Yesterday, Ms Banerjee pulled out of the UPA coalition, in which her party was the second-largest member. The west Bengal Chief Minister said her six ministers will resign on Friday at 3 pm in protest against a menu of new reforms introduced by the government last week, including raising diesel prices, restricting the supply of subsidised cooking gas to six cylinders per household, and opening up India's huge retail sector to foreign super-chains like Wal-Mart. Ms Banerjee described those decisions as "a disaster for the poor" and said her party had been shown minimal respect by the UPA.

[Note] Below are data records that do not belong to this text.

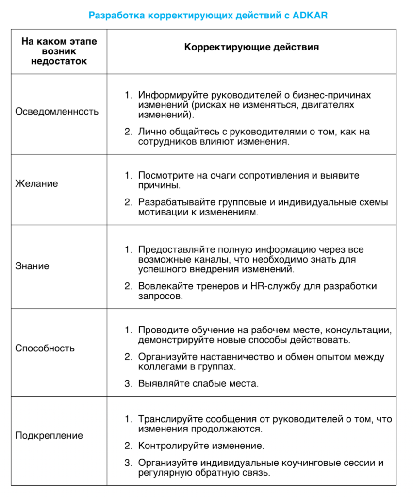 Модель ADKAR помогает сформировать план действий для внедрения изменений. Ядро модели — работа с людьми, которые задействованы в трансформациях. С помощью ADKAR можно донести важность изменений, справиться с саботажем сотрудников и поддержать мотивацию работать по-новому.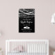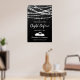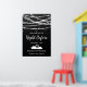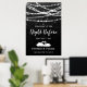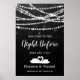 Pancarte de bienvenue pour la soirée de répétition de la veille - ce design présente des guirlandes lumineuses et des étoiles sur un fond texturé noir. Et en bas - Deux cygnes formant un cœur.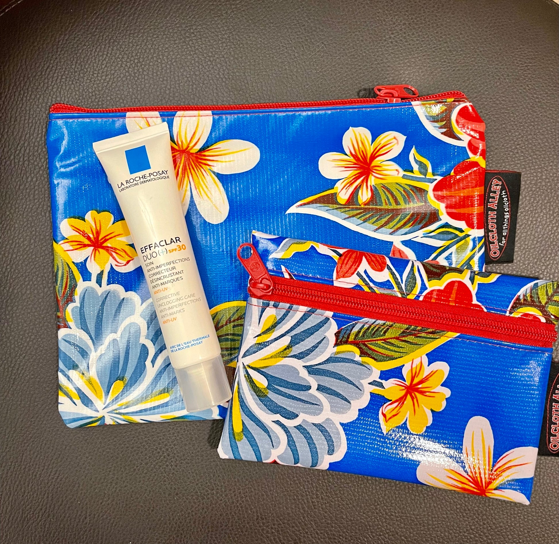 The set includes a medium and small pouch in Blue Hibiscus, lined with White on Red Polka Dot Oilcloth.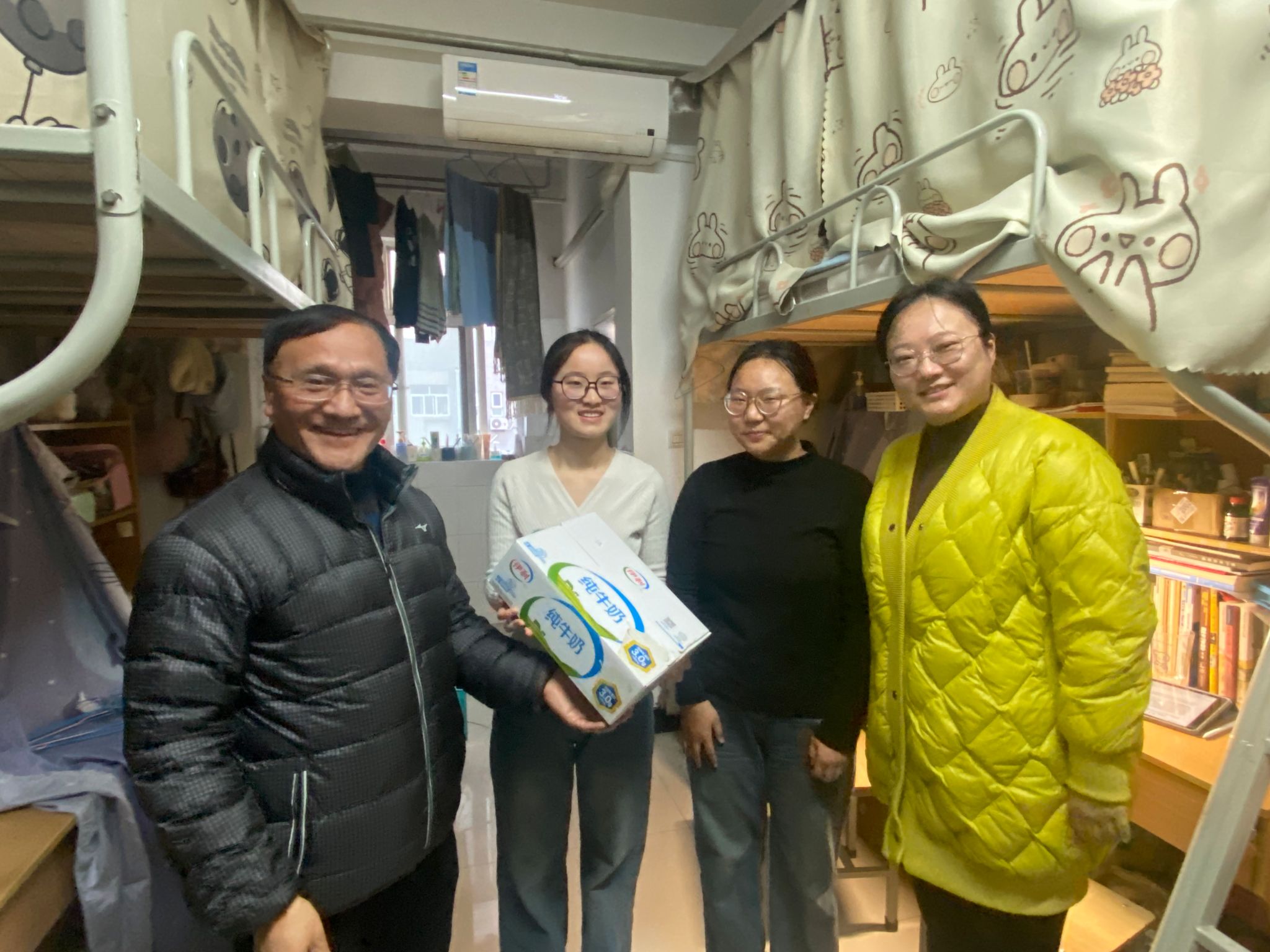 寒冬融暖意,温情润心田。临近2025年全国硕士研究生招生考试,为缓解考研学生的备考压力,坚定备考信心,传递关爱温暖。12月17日经济与金融学院副院长杨健全、学生工作负责人廉宇婷、辅导员杨静怡、张进深入考研学生宿舍,送去温暖与关怀,为同学们加油鼓劲。

Sources in the Congress say that party president Sonia Gandhi will now try to negotiate a compromise - while there will be no reversal of the retail reforms, the government may agree to a partial rollback in diesel prices, along with increasing the cap on LPG cylinders from six to nine per year.

The Prime Minister has, according to sources, driven home the point that he is committed to the reforms needed to jumpstart the economy; he allegedly told senior ministers that their government "must stay the course" and that it has "an unfinished agenda" for the economy for which it will allow "like-minded people" to help.

With the support of Mulayam Singh Yadav and Mayawati, the UPA still has more than 300 MPs on its side. It needs 272 to stay in power. But the government will now be more vulnerable to demands from those partners, who are both opposed to FDI in retail.

Before it decided to implement 51% Foreign Direct Investment or FDI in retail, the government had calculated its political risks. Ms Banerjee has 19 Lok Sabha MPs. Mulayam Singh Yadav and his Samajwadi Party, who provide external support to the UPA, have 22. Ms Mayawati and her Bahujan Samaj Party (BSP) have another 21. So though the UPA is in a minority without the Trinamool Congress, it can be propped up by Mr Yadav and Ms Mayawati.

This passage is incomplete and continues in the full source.